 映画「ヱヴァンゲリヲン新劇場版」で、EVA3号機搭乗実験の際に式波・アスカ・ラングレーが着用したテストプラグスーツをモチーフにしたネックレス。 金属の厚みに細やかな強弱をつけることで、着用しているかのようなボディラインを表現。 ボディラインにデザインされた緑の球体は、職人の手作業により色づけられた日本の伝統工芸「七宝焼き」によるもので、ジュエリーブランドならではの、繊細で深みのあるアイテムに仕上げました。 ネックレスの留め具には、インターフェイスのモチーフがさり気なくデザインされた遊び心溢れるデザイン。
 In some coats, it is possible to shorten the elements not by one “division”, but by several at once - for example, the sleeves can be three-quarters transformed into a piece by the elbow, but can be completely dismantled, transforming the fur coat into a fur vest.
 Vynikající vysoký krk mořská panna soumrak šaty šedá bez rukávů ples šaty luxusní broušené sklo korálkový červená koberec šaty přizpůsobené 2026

WORK TO BE COMPLETED —
Write out the data a second time, exactly the same.

EXERCISE OUTPUT —
 映画「ヱヴァンゲリヲン新劇場版」で、EVA3号機搭乗実験の際に式波・アスカ・ラングレーが着用したテストプラグスーツをモチーフにしたネックレス。 金属の厚みに細やかな強弱をつけることで、着用しているかのようなボディラインを表現。 ボディラインにデザインされた緑の球体は、職人の手作業により色づけられた日本の伝統工芸「七宝焼き」によるもので、ジュエリーブランドならではの、繊細で深みのあるアイテムに仕上げました。 ネックレスの留め具には、インターフェイスのモチーフがさり気なくデザインされた遊び心溢れるデザイン。
 In some coats, it is possible to shorten the elements not by one “division”, but by several at once - for example, the sleeves can be three-quarters transformed into a piece by the elbow, but can be completely dismantled, transforming the fur coat into a fur vest.
 Vynikající vysoký krk mořská panna soumrak šaty šedá bez rukávů ples šaty luxusní broušené sklo korálkový červená koberec šaty přizpůsobené 2026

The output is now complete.